Answer: Receiving shares of company stock through an employer-sponsored stock option program is a great benefit! Essentially, how these work is that companies may offer employees the ability to purchase a certain amount of shares in the company’s stock at a set price at a specific date in the future. The reason this is so beneficial? Imagine if you had this ability, and noticed that the current market price of your company’s stock was much higher than the set price you were required to pay. In this instance, you’d be making money instantly due to the ability to purchase these shares at a deep discount. That’s a great perk!
However, keep in mind that while it is certainly a huge benefit to potentially be able to purchase so many company shares at such a discount, it is always smart to diversify the other holdings in your portfolio. As the saying goes, you never want to keep all of your “eggs in one basket”. If you’re only investing in company stock, you’re not allowing yourself to be protected in the case that something unfortunate should happen to your industry or company as a whole. In order to spread this risk around, you’ll want to work with a financial advisor to diversify your investment approach and portfolio holdings so that you’re not completely reliant upon your company stock to perform.

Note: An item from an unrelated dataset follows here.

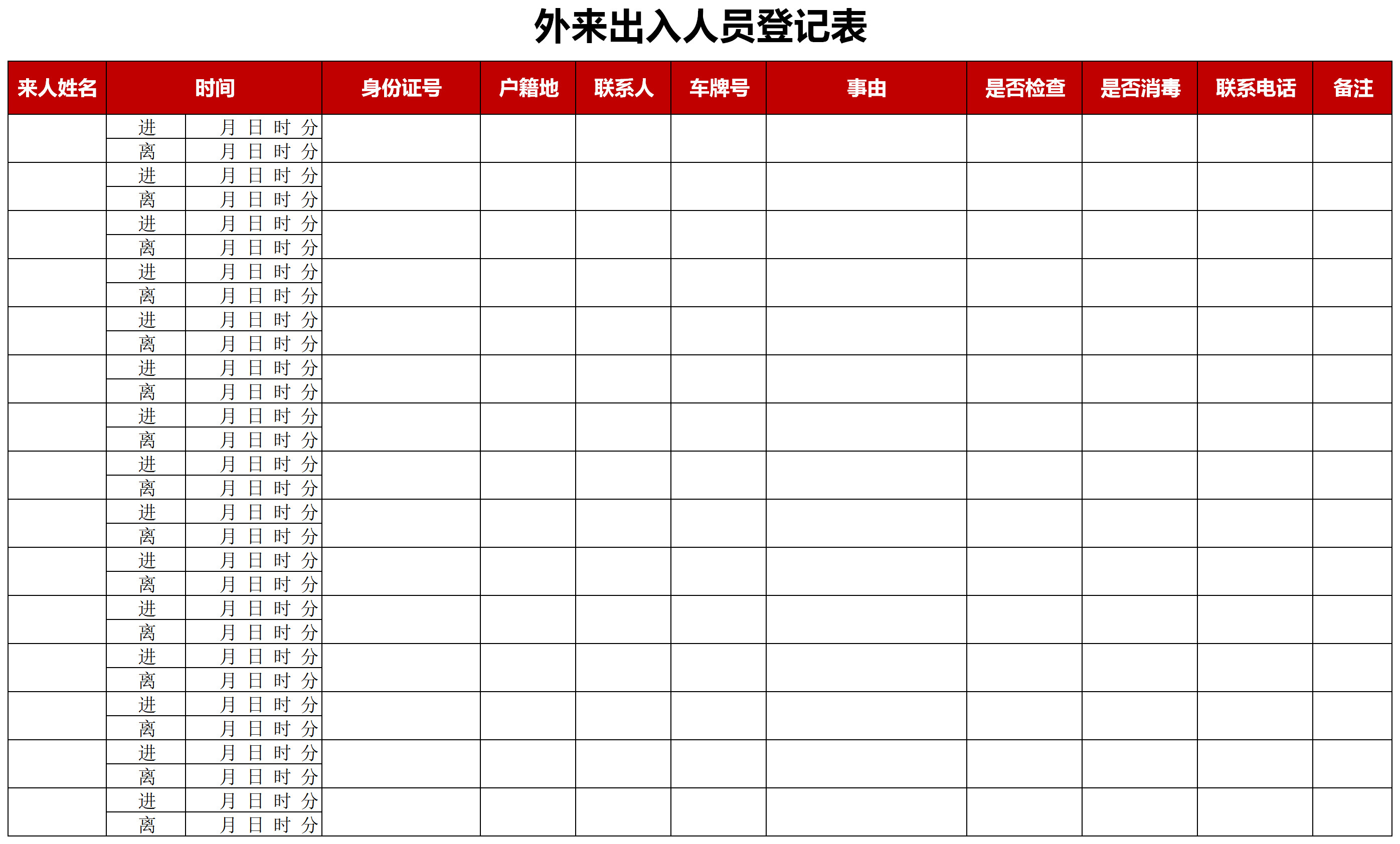 疫期外來(lái)出入人員登記表

Question #6: HELP! My student loan is so large I don’t know how to manage. What are my options?
Answer: Unfortunately, student loans are a fact of life for most Americans these days. That said, if you’re finding yourself in a difficult financial position because of them, you do have options. We asked Student Loan expert, David Carlson (author of the book Student Loan Solution and the founder of YoungAdultMoney.com) to weigh in on this important question:
“First I want to say you aren’t alone. There are many people with a large amount of student loan debt who are trying to figure out what they should do. Regardless of your income and whether your loans total $5k or $500k, you have options.

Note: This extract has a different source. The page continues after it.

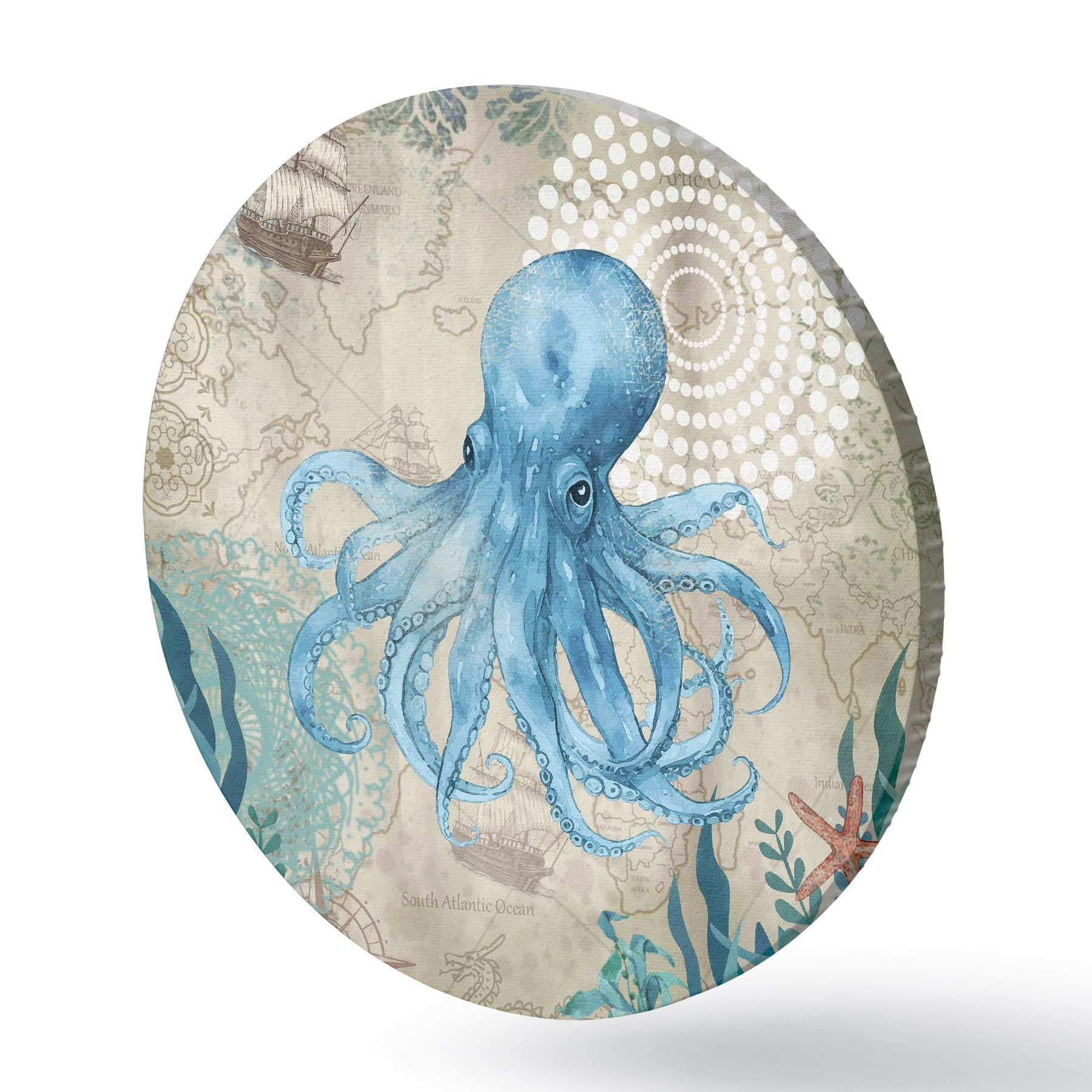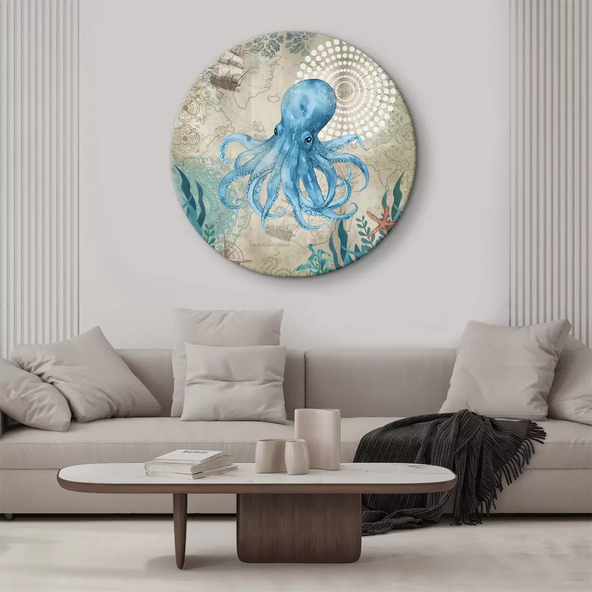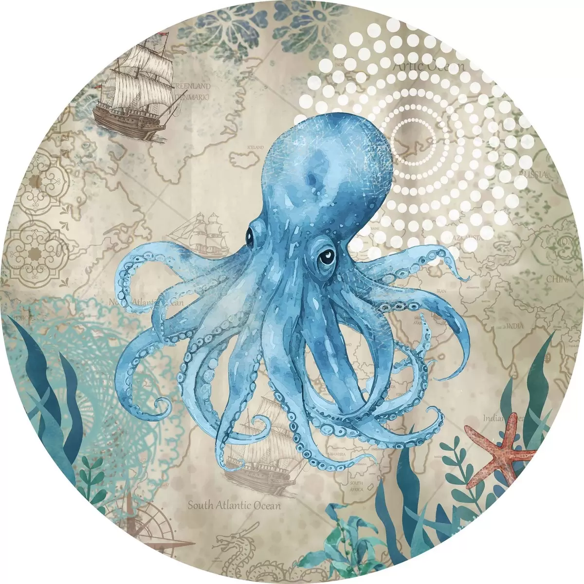Quadri rotondi Polpo blu con mappa dell'oceano r37154

How you address your loans will depend on what type of student loans they are. If they are federal student loans you have access to income-driven repayment options and loan forgiveness opportunities. Income-driven repayment options cap your payment at anywhere from 10-20% of your discretionary income, depending on which repayment plan you get on. You can learn more about income-driven repayment plans here or in my book Student Loan Solution, where I go into detail on the ins and outs of each of the four income-driven repayment plans. Besides capping your payments at a reasonable amount, by getting on an income-driven repayment plan you also start down the path of income-driven loan forgiveness. After 20-25 years of on-time payments your loans will be forgiven. You will be taxed on the amount forgiven, though, so if you do plan on taking advantage of income-driven loan forgiveness you will want to understand what you need to do to prepare for the inevitable “tax bomb.” You can also look into whether you are eligible for Public Service Loan Forgiveness, which is a difficult program to navigate but can be a huge financial benefit since your loans are forgiven tax-free after ten years of eligible payments.
If you have private student loans your options are more limited. Unlike federal student loans, you will not have the right to an income-driven repayment plan or opportunities for loan forgiveness. With that in mind, working with your current lender is the first option. You will want to explain to them what you can afford to pay each month and see if they can restructure your loan so your monthly payment is affordable. Another option with private loans is to refinance them with another lender for a lower interest rate. When you do this you can also apply for loan terms that will make your monthly required payment reasonable (for example you may extend your loan to a fifteen year term instead of ten). Finally if you are really drowning and unable to work out a reasonable plan with your lender you can always talk to a debt lawyer who can negotiate on your behalf.”
*Special thanks to David Carlson for providing such an insightful and informative response to this great question!